MICHIGAN—State Rep. Phil Skaggs (D-East Grand Rapids) thinks that every state flag should be a unique symbolic representation of each state’s history and culture. They should reflect the people, places and things that make each state great—and help show off state pride, he said.
But when it comes to Michigan, he spots some room for improvement.
And that’s why this month, he plans to introduce legislation that calls for a total redesign.
“The unfortunate truth is that we could do much better at having a state flag that we can rally around and that meets really good design principles,” Skaggs told The ‘Gander this week.
“People are yearning to be able to tell other people that they are proud Michiganders.”
Michigan’s state flag, like many others, hasn’t changed much since it was created. The current two-sided, moose-and-elk design—which is the state’s coat of arms on a plain, blue canvas—has been featured on the flag since it was adopted by the state legislature in 1911.
And Skaggs thinks Michiganders are past due for an update.
“Our flag violates many of the core principles of flag design,” he explained.
Vexillologists, or those who study flags, have established five basic principles of a visually pleasing flag design. It must be simple—meaning that a child could draw it from memory, and it must use meaningful symbolism to relate to whatever the flag is trying to symbolize. Experts say it’s also best to stick to two or three basic colors, avoid lettering or seals, and to be distinctive.
(Yes. Vexillology is a real thing. There’s even a whole Reddit community dedicated to it.)
Michigan’s flag is what vexillologists refer to as a “seal on a bed sheet,” meaning it isn’t anything more than a state seal on a plain background. With 11 different colors and an array of latin phrases, the design has been repeatedly ranked among the most poorly designed in the US.
Those looking for better flag designs may consider Japan and Canada, Skaggs suggested.
“I’ve always been interested in symbols and how meaningful symbols create a common sense of identity that helps people get things done,” Skaggs said. “This is not the most serious thing that we have done and will do in Lansing, but it does have meaning.”
Skaggs said he plans to introduce legislation on April 29 that would call together a commission of design experts—each appointed by the governor or the legislature—that would solicit design ideas from the public, and eventually narrow it down to 20 new designs.
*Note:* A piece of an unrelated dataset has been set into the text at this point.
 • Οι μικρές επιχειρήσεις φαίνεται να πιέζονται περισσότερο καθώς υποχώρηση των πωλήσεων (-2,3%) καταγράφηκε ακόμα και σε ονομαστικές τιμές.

“These people could be art history professors from the University of Michigan, or branding experts from the corporate world,” he said. “They’ll open it up to a contest for the public.”
Skaggs said the commission would then be tasked with selecting the winning design, which would have to be proposed as another piece of legislation that would require another vote. If all goes as planned, the newly designed flag would start being “phased in” in 2025, he said.
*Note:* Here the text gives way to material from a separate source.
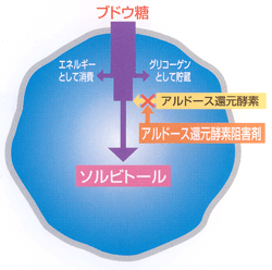 前のページで説明したアルドース還元酵素を阻害してソルビトールを作らなくする薬を服用することによって、神経障害の発生や進行を防ぐ方法もあります。

“This is something that I would love to see taken up at some point this year,” Skaggs said. “And then, ideally, we can have ourselves a new flag to rally behind for the state in 2025.
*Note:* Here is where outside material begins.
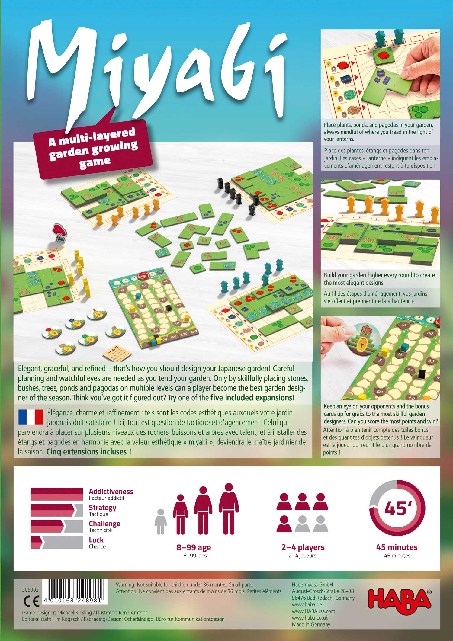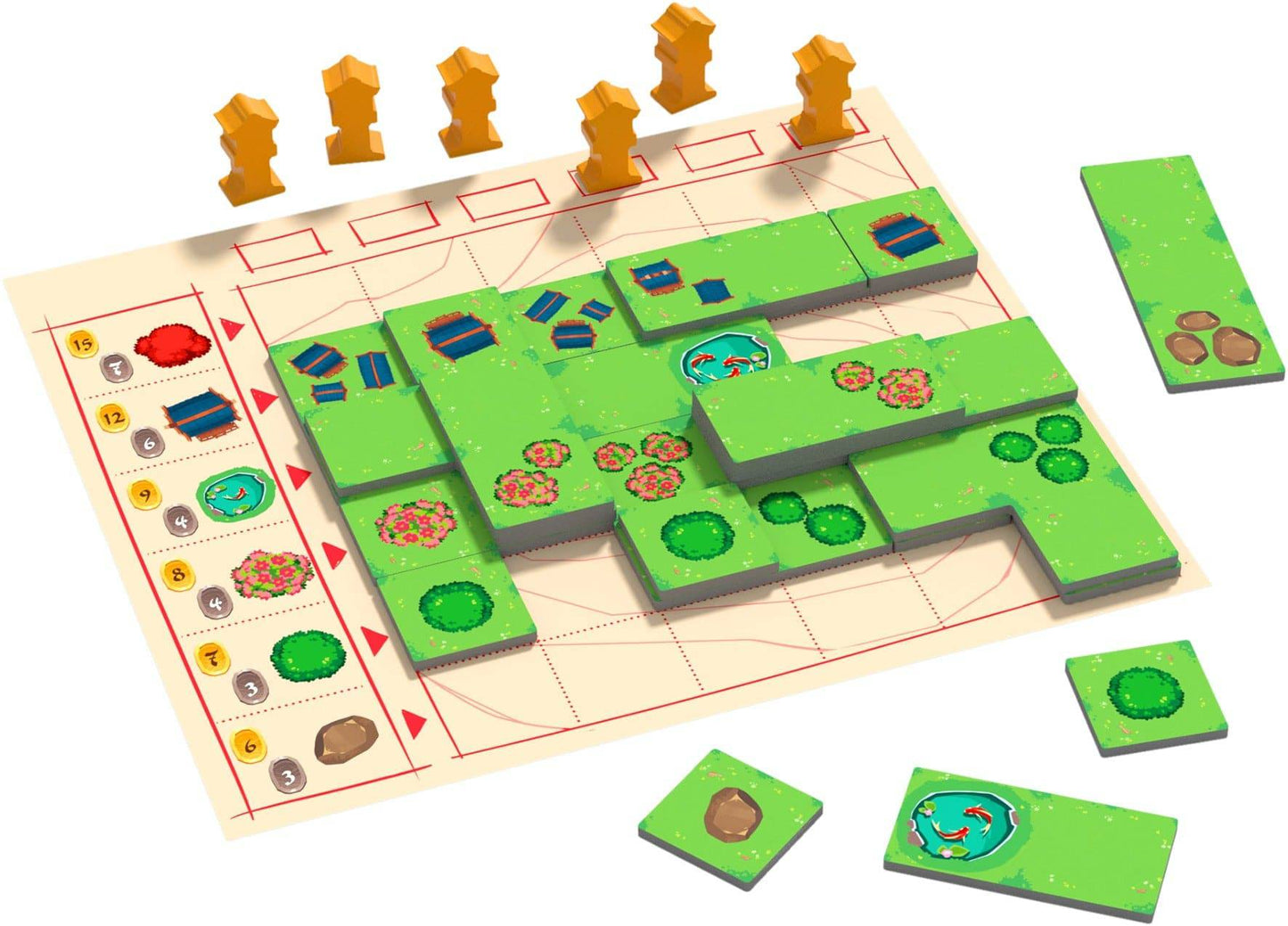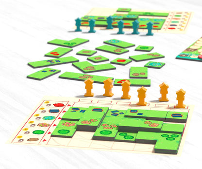 As the game progresses, you can also build upwards, placing garden tiles on top of other garden tiles. Receive points during the game for your placed garden tiles, scoring more points the higher the layer, with a bonus for the fifth layer. At the end of the game players receive extra points for having the most objects in their gardens. The highest score wins!

Utah reportedly made similar moves last month when lawmakers there voted to replace their longtime blue flag showing the state’s seal for one with a more modern and simplified design. It took about one year. Mississippi also changed its flag design in 2020, as did Georgia in 2004—though those were to remove Confederate symbolism from their flags.
As recently as 2021, Michigan lawmakers have also tried (and failed) to get the ball rolling on a redesigned state flag. But this year, Skaggs sees an opportunity for new momentum—namely because so much progress has already been made on so many other, more pressing issues.
Skaggs has either sponsored or co-sponsored 28 pieces of legislation this year—including restoring prevailing wage laws, consumer safety regulations, and recently signed gun reforms.
“I’m doing a lot of work, and on the side, I’m doing some of this flag business as well,” Skaggs said. “So, I think if anyone has paid attention to the news and the media lately, they know that we’re getting a lot done here in Lansing, and I think we can do this one little thing too.”
If legislative history is any indication, Skagg’s forthcoming bill would be likely to land in the House’s Government Operations Committee, which is chaired this year by State Rep. Tullio Liberati (D-Allen Park). Liberati didn’t immediately respond to a request for comment this week.
Did You Know?
The first known flag to represent Michigan was flown in 1837—the year Michigan became a state. It featured the same design, as well as a soldier and a woman on one side, and a portrait of the first governor, Steven T. Masons, on the other side. The current flag design also featured an image of the coat of arms of the United States on one side, but that was dropped in 1911.